* **Data excerpt**

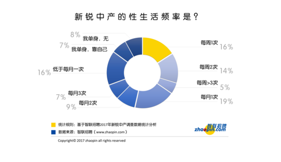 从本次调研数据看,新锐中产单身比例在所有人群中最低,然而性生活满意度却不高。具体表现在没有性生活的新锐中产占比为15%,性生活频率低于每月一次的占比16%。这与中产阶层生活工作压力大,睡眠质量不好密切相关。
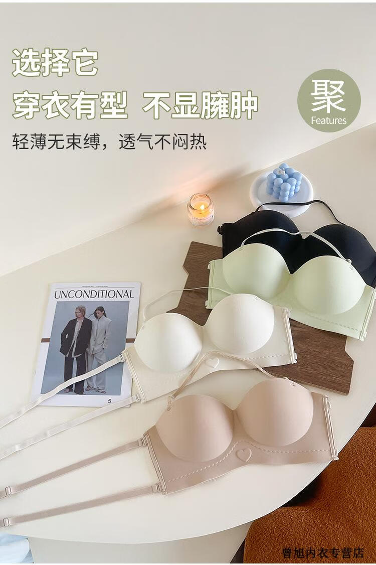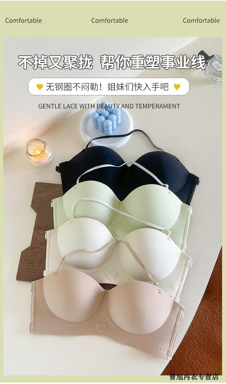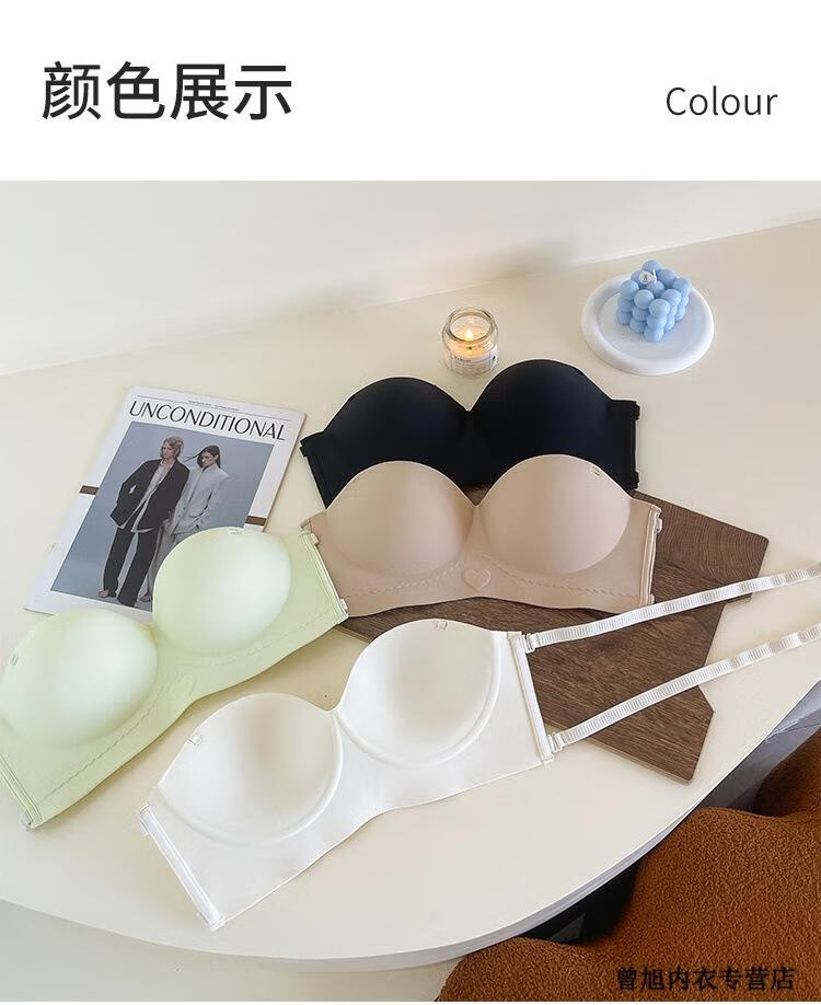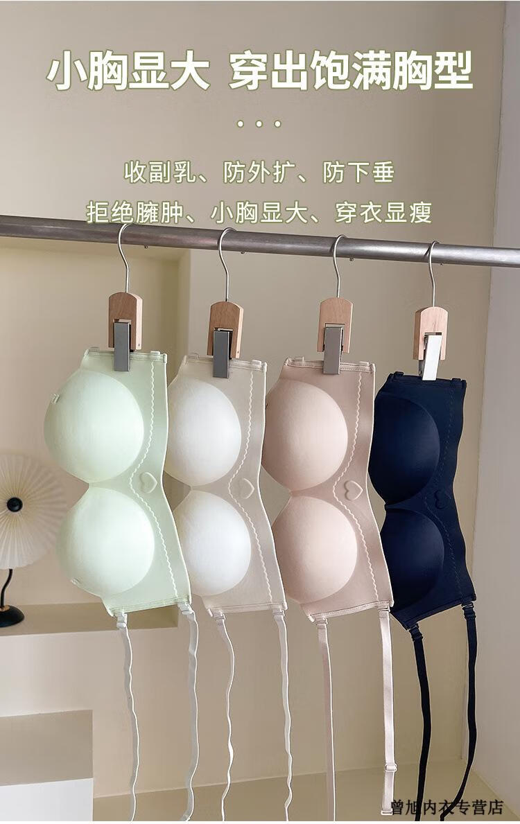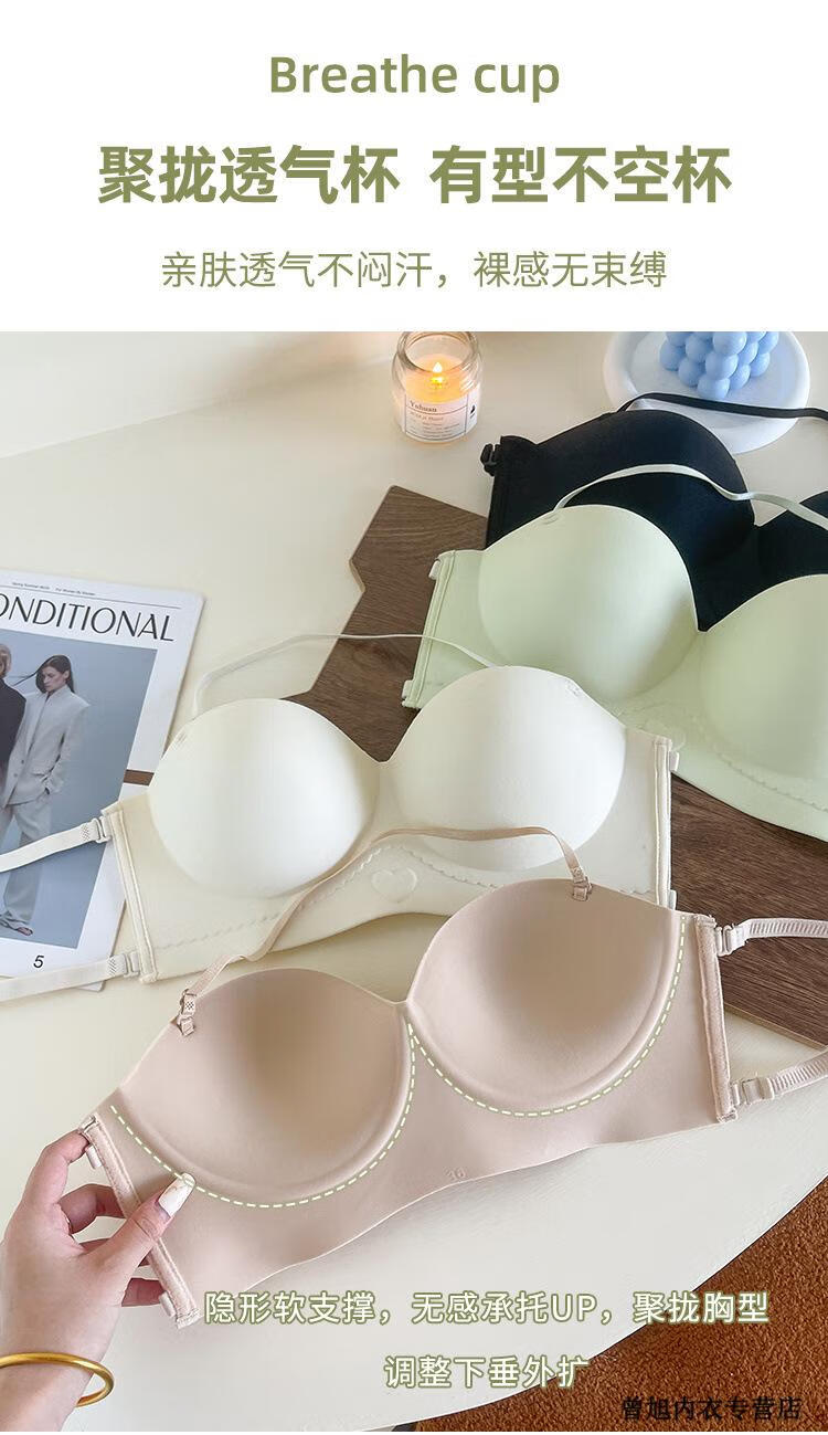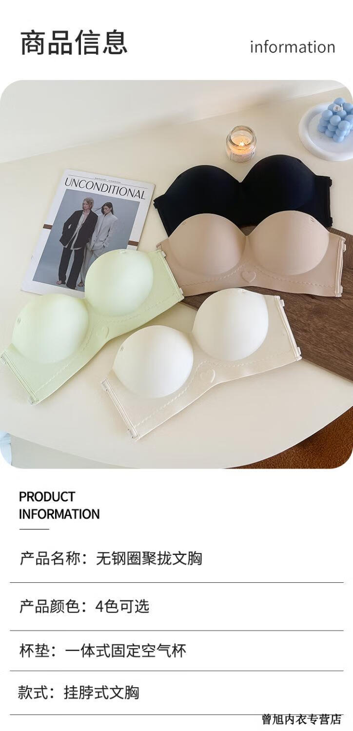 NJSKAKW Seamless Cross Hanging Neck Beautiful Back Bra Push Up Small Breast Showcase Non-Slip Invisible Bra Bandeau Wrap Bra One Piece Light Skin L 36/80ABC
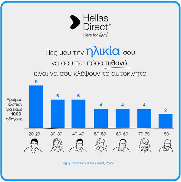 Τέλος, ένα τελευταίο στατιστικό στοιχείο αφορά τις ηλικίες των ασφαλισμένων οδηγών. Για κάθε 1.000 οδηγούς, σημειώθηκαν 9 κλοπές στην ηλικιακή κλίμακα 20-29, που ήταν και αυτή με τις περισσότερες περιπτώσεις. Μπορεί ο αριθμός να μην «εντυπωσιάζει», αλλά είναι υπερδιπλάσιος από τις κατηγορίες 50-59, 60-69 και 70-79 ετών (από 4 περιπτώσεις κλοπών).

* **Your assignment**
Would you copy each line above exactly as given, dropping any images?

* **Output of the exercise**
 从本次调研数据看,新锐中产单身比例在所有人群中最低,然而性生活满意度却不高。具体表现在没有性生活的新锐中产占比为15%,性生活频率低于每月一次的占比16%。这与中产阶层生活工作压力大,睡眠质量不好密切相关。
 NJSKAKW Seamless Cross Hanging Neck Beautiful Back Bra Push Up Small Breast Showcase Non-Slip Invisible Bra Bandeau Wrap Bra One Piece Light Skin L 36/80ABC
 Τέλος, ένα τελευταίο στατιστικό στοιχείο αφορά τις ηλικίες των ασφαλισμένων οδηγών. Για κάθε 1.000 οδηγούς, σημειώθηκαν 9 κλοπές στην ηλικιακή κλίμακα 20-29, που ήταν και αυτή με τις περισσότερες περιπτώσεις. Μπορεί ο αριθμός να μην «εντυπωσιάζει», αλλά είναι υπερδιπλάσιος από τις κατηγορίες 50-59, 60-69 και 70-79 ετών (από 4 περιπτώσεις κλοπών).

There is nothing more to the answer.